The book was adapted into the 2007 film Charlie Wilson's War, starring Tom Hanks as Representative Charlie Wilson. It also starred Julia Roberts and Philip Seymour Hoffman. The film was written by Aaron Sorkin and directed by Mike Nichols and grossed $119.5 million at the box office. Universal Pictures produced the movie with an estimated budget of 75 million, runtime total 102 minutes. The film was met with critical praise, although it was criticized for certain historical inaccuracies. The film was nominated for five Golden Globe Awards, but did not win a single category. Philip Seymour Hoffman was nominated for an Academy Award for best supporting actor, but lost to Javier Bardem in No Country For Old Men.

A.O. Scott of The New York Times praised the film for its ability to dance the line of being an exciting picture without losing the importance of the story and the characters.

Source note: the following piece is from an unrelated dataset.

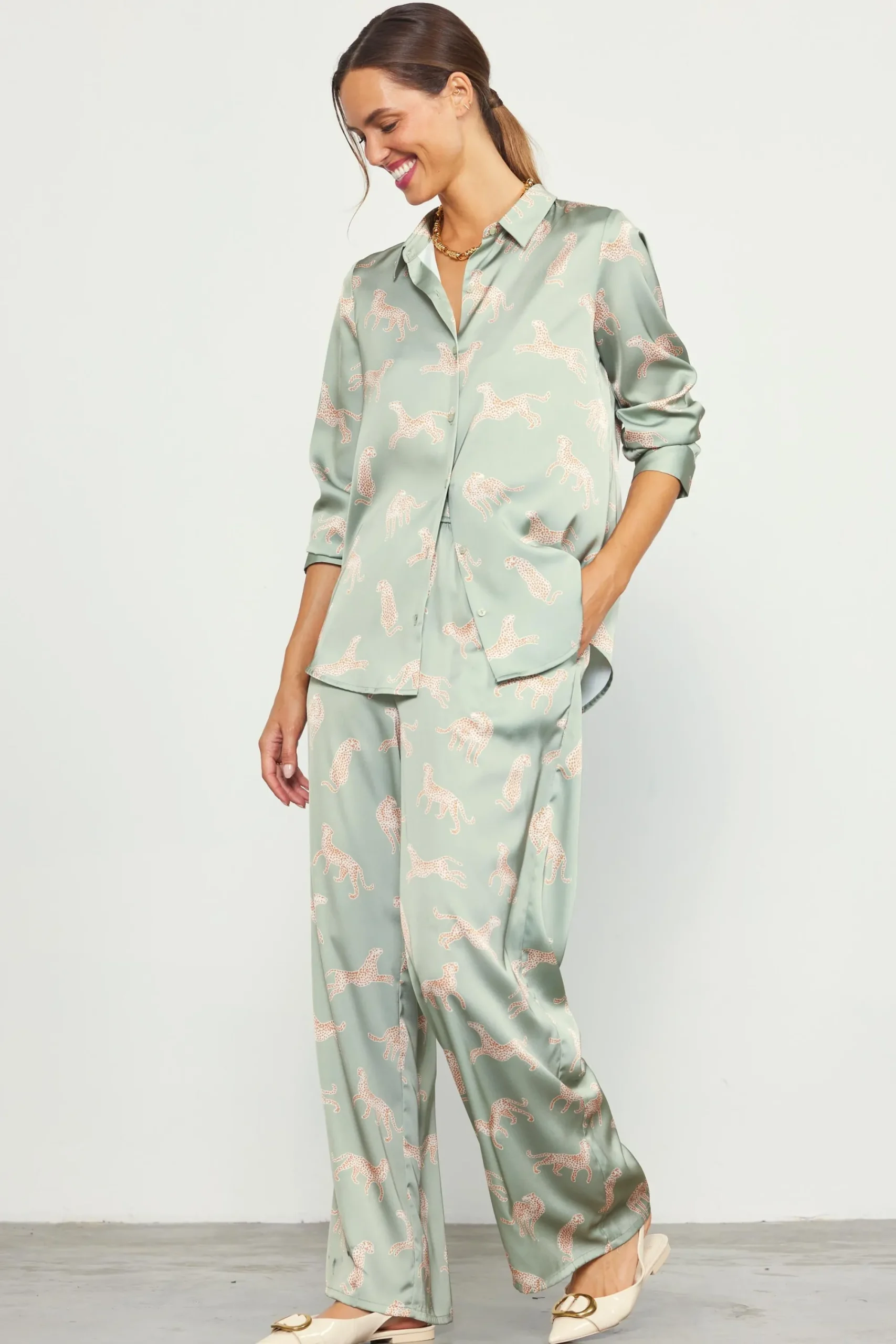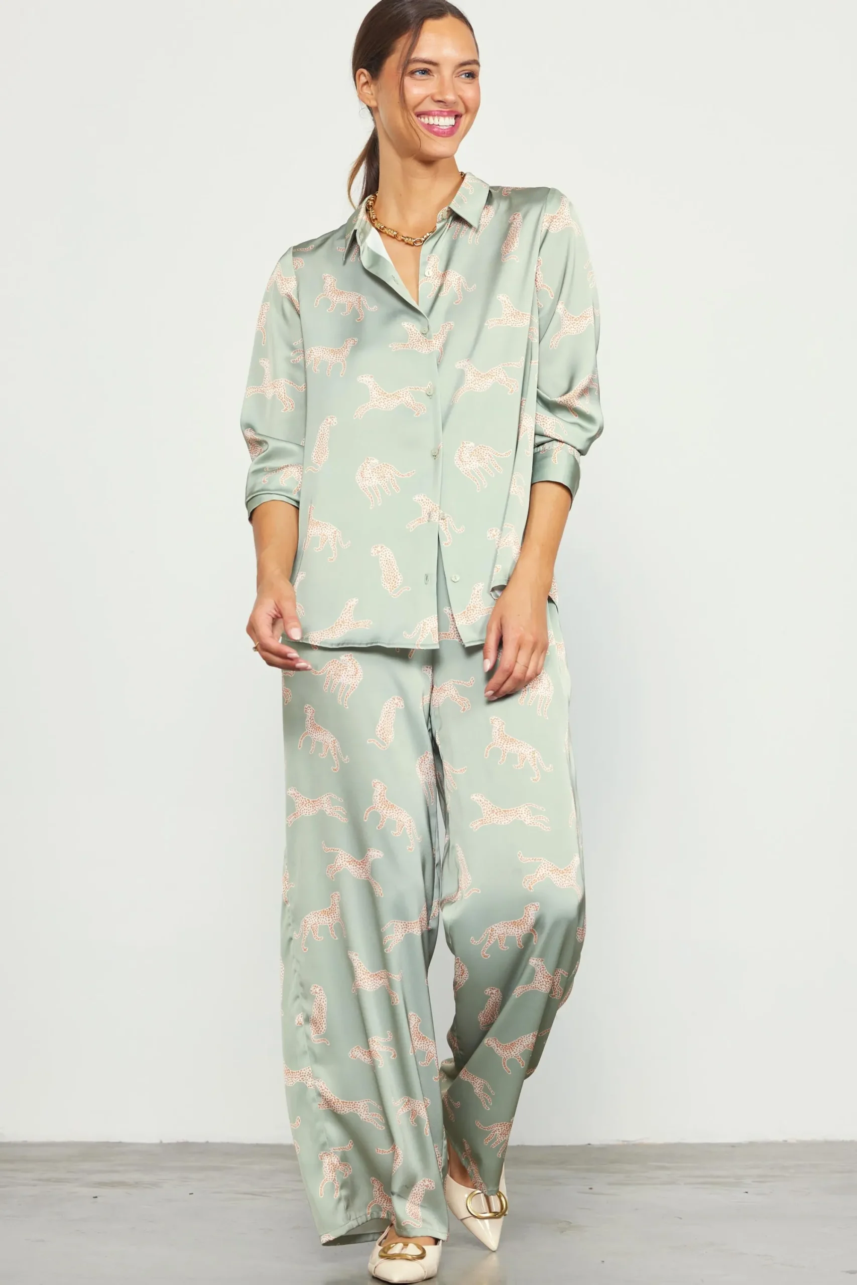 This satin buttondown shirt has a simple silhouette adorned with a playful cheetah print. Smooth and lustrous, this lightweight style features a pointed collar, long sleeves, and a relaxed fit.

“That, at any rate, is pretty much the gist of “Charlie Wilson’s War,” which may be more of a hoot than any picture dealing with the bloody, protracted fight between the Soviet Army and the Afghan mujahedeen has any right to be"
— A.O. Scott, The New York Times

== Reception and significance ==
The book was especially well received in the United States, as the author exposed significant events in US history. In time, it found critical acclaim, appearing on the New York Times Best Seller list, while also making it onto the Washington Post and Los Angeles Times bestseller lists. Public interest in the events portrayed in the book led to the 2007 film adaptation of the same title. The film compressed times and merged characters and events, but kept the all the fundamental information about the operation intact. The film's largely positive reception generated further interest in the events narrated.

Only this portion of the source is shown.